As can be seen from Fig. 1, the cavity 14 is not bounded by the cross member 20. The cavity 14 of the safety system is bounded by at least one attachment part 26 which is different from a cross member of the passenger vehicle 10. The attachment part 26 is arranged between the cross member 20 and the front mudguard 24 in the longitudinal direction of the passenger vehicle 10. For example, the cavity 14 can be bounded by a housing of a lamp and/or a transparent pane of the lamp. Alternatively, the cavity 14 can be bounded by the mudguard 24 and/or the cover element 22. Thus, the cavity 14 is bounded by a plastic material and/or a metallic material and can be deformed during a frontal impact crash very advantageously. For example, such a frontal impact crash occurs when the passenger vehicle 10 hits a rigid impactor 28.

Fig. 2 shows the cavity 14. As can be seen from Fig. 2, the cavity 14 is arranged besides a longitudinal member 30 of the passenger vehicle 10 and outside of the longitudinal member 30 with respect to the transverse direction of the vehicle. The cross member 20 is connected to the longitudinal member 30 of the body in white of the passenger vehicle 10 via an energy absorption element which is also referred to as a crash box 32.

Since the cavity 14 is arranged besides the crash box 32 and the longitudinal member 30 and outside of the crash box 32 and the longitudinal member 30 with respect to the transverse direction of the passenger vehicle 10, even frontal small overlap crashes of the passenger vehicle 10 can be detected by the pressure sensor 16 very effectively.

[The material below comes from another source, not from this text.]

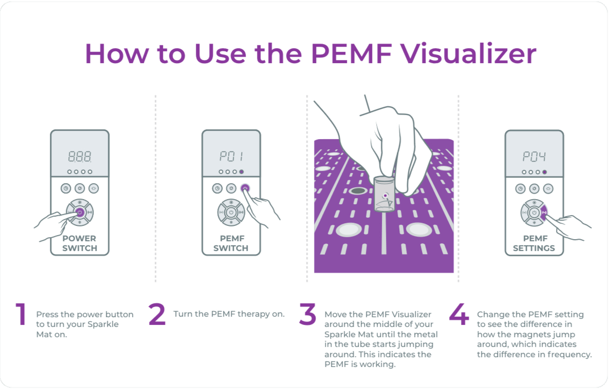It's really fun to show your friends, family, and clients a visual of how energy medicine works! Plus, aside from actually feeling the shift in your own body, seeing the PEMF Visualizer at work reinforces the healing benefits of your Sparkle Mat.

Fig. 2 shows the cavity 14 in an undeformed state. If the passenger vehicle 10 hits the rigid impactor 28 during a frontal small overlap crash, the cavity 14 is deformed as can be seen from Fig. 3. The deformation of the cavity 14 results in a pressure change, in particular a pressure rise within the cavity 14. Said pressure change can be detected by the pressure sensor 16 at a very early stage of the crash. Thereby, the at least one airbag of the safety system can be deployed at a very early stage of the crash even if the crash is a frontal small overlap crash. The frontal impact crash can be detected at a very early stage since the pressure change within the cavity 14 due to the deformation of the cavity 14 happens very early during the frontal small overlap crash.

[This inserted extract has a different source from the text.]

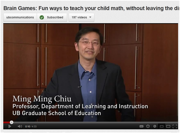 That's the discerning approach of University at Buffalo Graduate School of Education professor Ming Ming Chiu, and it's based on decades of teaching teachers and watching how students learn. Known for helping parents find teachable math moments, especially at the dinner table and on living room sofa, Ming has devised new ways to make kids comfortable with the ways of math.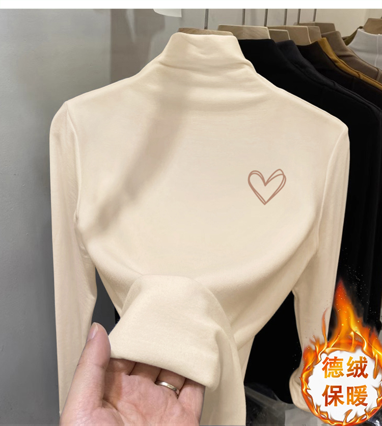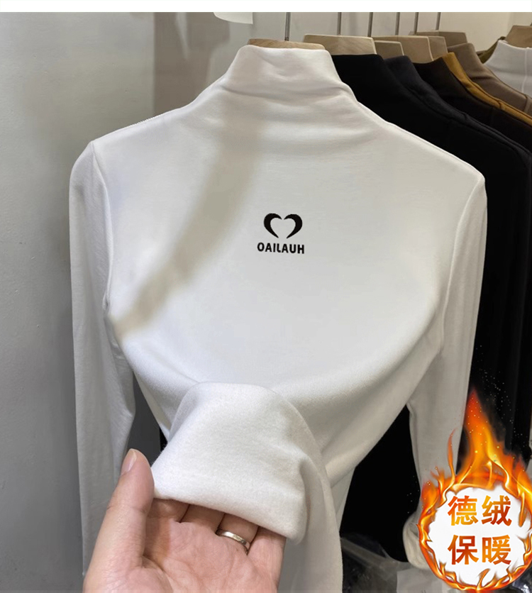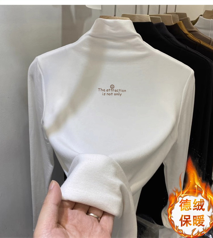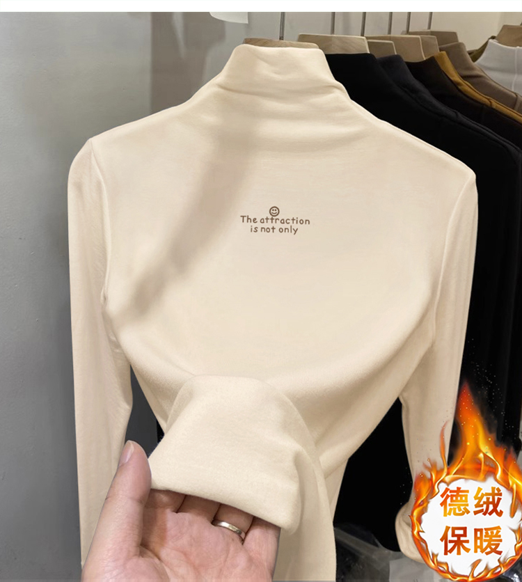 Dralon Half Turtleneck Bottoming Shirt Female 2025 Autumn and Winter Western Style Inner Wear Loose T-Shirt Fleece-lined Brushed Stand Collar Tops

By deploying the airbag into the protective position at a very early stage of the crash the passenger can be restrained and cushioned very effectively. Thereby, the passenger can be protected from hitting components in the interior of the passenger vehicle 10 directly so that the danger of injuries can be kept particularly low.

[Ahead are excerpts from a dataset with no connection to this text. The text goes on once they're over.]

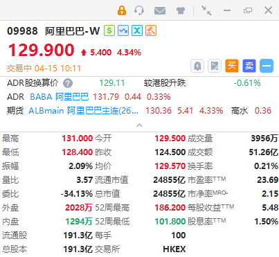华盛资讯4月15日讯,港股阿里巴巴-W盘中涨幅扩大至近4.5%,成交额51亿港元。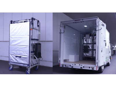 <実証で使用する断熱・保冷機能付きの輸送用機材と小型 EVトラック>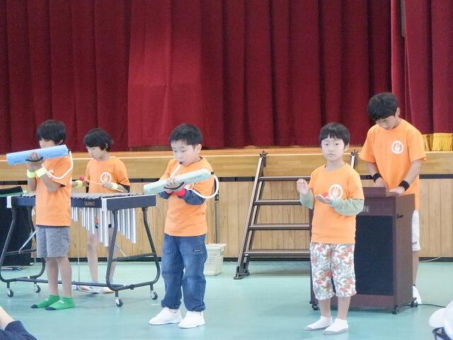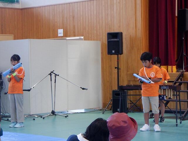 吉之元フェスタ前半部のトリは、全校児童による合奏です。「茶色の小瓶」をリコーダー、鍵盤ハーモニカ、木琴、鉄琴、バスキーボード、カスタネットで演奏しました。それぞれ練習してきた楽器をみんな上手に演奏することができました。 その3へ続く・・・

List of reference signs passenber vehicle 12 front 14 cavity 16 pressure sensor 18 front bumper cross member 22 cover element 24 mudguard 26 attachment part 28 rigid impactor longitudinal member 32 crash box

Claims (5)

1. Claims A safety system for a vehicle (10), the safety system comprising: -at least one cavity (14) of the vehicle (10), -at least one airbag being deployable from a stowage position into at least one protective position for restraining a passenger of the vehicle (10), -at least one pressure sensor (16) configured to detect a pressure change within the cavity (14) of the vehicle (10) and provide at least one signal indicative of the detected pressure change, -at least one controller configured to receive the signal and effect the deployment of the airbag in response to the received signal, characterized in that the cavity (14) is bounded by at least one attachment part (26) being different from a cross member (20) of the vehicle (10).
2. 2. The safety system according to claim 1, characterized in that the cavity (14) is bounded by a mudguard (24) and/or a cover element (22) of the vehicle (10).
3. 3. The safety system according to claim 3, characterized in that the cover element (22) is configured to cover a cross member (20) of the vehicle (10) at least partially.
4. 4. The safety system according to any one of the preceding claims, characterized in that the cavity (14) is bounded by a housing and/or a pane of a lamp, in particular a head lamp, of the vehicle (10).S
5. 5. The safety system according to any one of the preceding claims, characterized in that the cavity (14) is arranged at the front (12) of the vehicle (10).